The Unprejudiced Observer

The trouble is that there are so few unprejudiced observers. To get rid of our prejudices is one of the first things we must do in the study of Homoeopathy. Therefore let me beg of you, while sitting in this room, to lay aside all that you have heretofore imagined or presumed, the whims and notions, and “what I thought about it.” the things that you have learned from men and books, and only follow after law and principle, things that cannot deceive, cannot vary.

Even law will deceive if man is of prejudiced mind, because then he misreads the law and doctrine, and when things are called back they look to him white; every image is inverted in his prejudiced mind, because he realizes only with his senses, and sees with his eyes and feels with his fingers only the appearance of things, just as we say that the sun rises, judging from our eyes, although we know from our intelligence that it does not rise.

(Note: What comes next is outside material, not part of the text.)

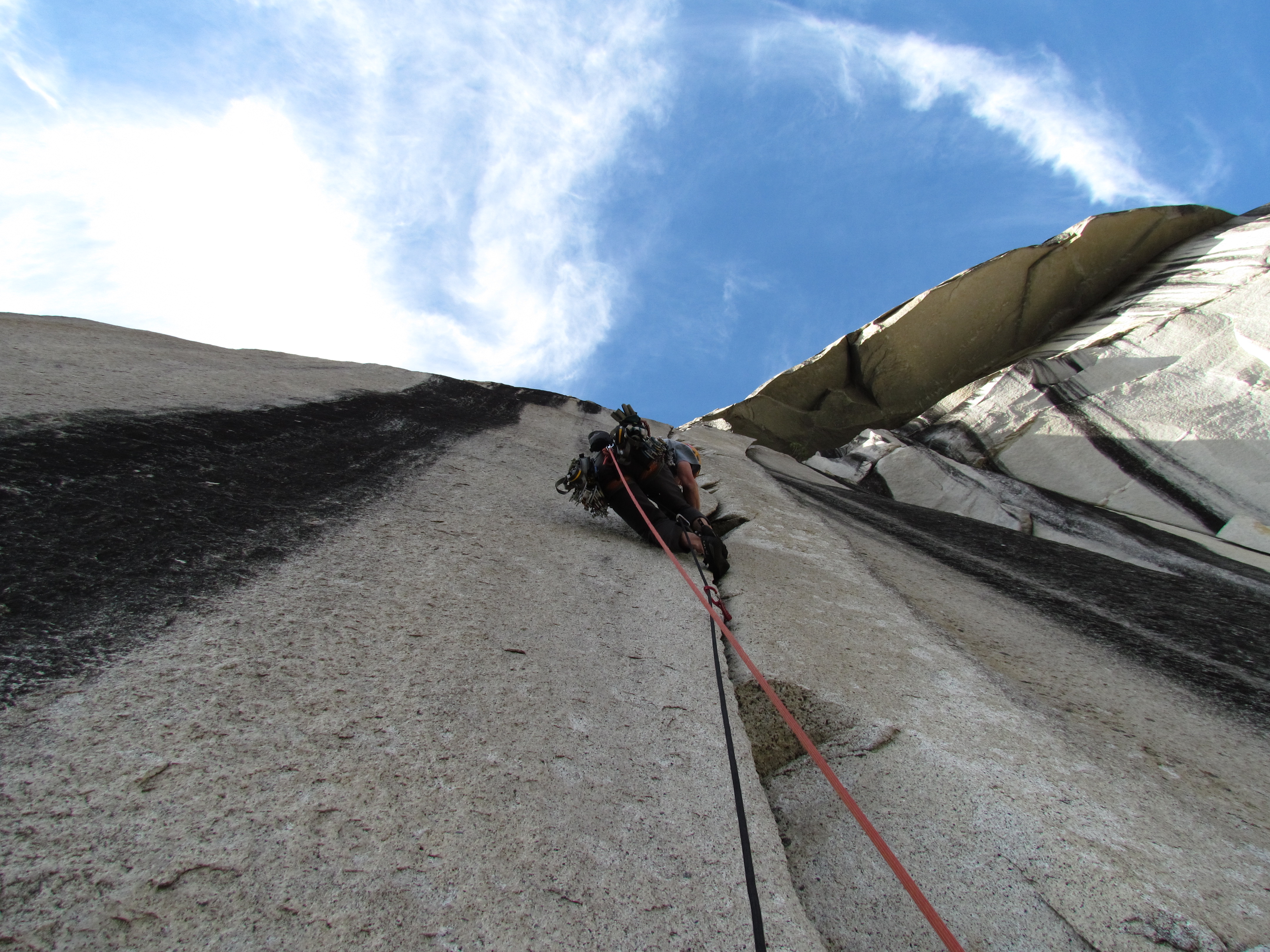 De nacht wordt opgeluisterd door een prachtige sterrenhemel en het bezoek van meerdere knaagdieren. De volgende ochtend beginnen we vroeg aan de eerste touwlengtes, een raar begin met eerst 250m klimmen, dan drie lastige pendules, om uiteindelijk pas op de tweede relais aan te komen, weer af te dalen tot aan de start en daar de haulbag aan te haken, terug opjumaren en de haulbag omhoog halen. Pfioew, ruim drie uur bezig om 50m hoogte te winnen… Gelukkig gaat het daarna wat vlotter, we klimmen zoveel mogelijk lengtes vrij en halen de laddertjes pas boven als het echt te moeilijk wordt. Met vrij klimmen tot 5.10 en artif tot C2+ komen we goed aan onze trekken. De eerste goede bivakplaats, het “Watkins Sheraton”, slaan we over en we komen opnieuw in het donker aan op een goede richel op de 11e touwlengte. Een lange maar geslaagde dag met 11 touwlengtes, een goed begin!

If we believe our senses only we will accept all the notions of men. If the senses were invariable men would agree, but they are variable and no two men will agree in everything, for just as men’s observations differ so different notions and theories will be established. We must try to get rid of the prejudices that we have been born with and educated into, so that we can examine the principles and doctrines of Homoeopathy and seek to verify them. If you cannot put aside your prejudices the principles will be folly to you. The unprejudiced observer is the only true scientist.

“He perceives in each individual affection nothing but changes of state.” The changes of state are such as are observed by the patient when he says he is forgetful, that his mind does not operate as it did, that he is often in a state of confusion, that when he attempts to deliver a sentence a part of it goes away from him, the idea passes away, or that he is becoming irritable, whereas he was pleasant, that he is becoming sad, whereas he was cheerful before, that there are changes in his affections, in his desires and aversions. These things relate to states: not to diseased tissues, but to a state of disorder or want of harmony. Dr. Fincke expresses it as ” a distunement.”

After the patient has related everything he can about his change of state, the physician may be aided by information from outsiders, from relatives who look upon the patient with goodwill, who wish him well. If the husband be sick it is well to get the wife’s testimony. After the physician has written down all the information in accordance with the directions of 85 for the taking of the case he then commences to observe as much as he can concerning the disorder, but more particularly those things which the patient would conceal, or cancel relate, or does not know. Many patients do not know that they are awkward, that they do peculiar and strange thing in the doctor’s office-things that they would not do in health, and these are evidences of change of state.

The physician also notes what he sees, notes odors, the sounds of organs, chest sounds, intensity of fever, by his hand or by a thermometer, etc., and when he has gone over this entire image, including everything that can represent the disease, he has secured all that is of real value to him.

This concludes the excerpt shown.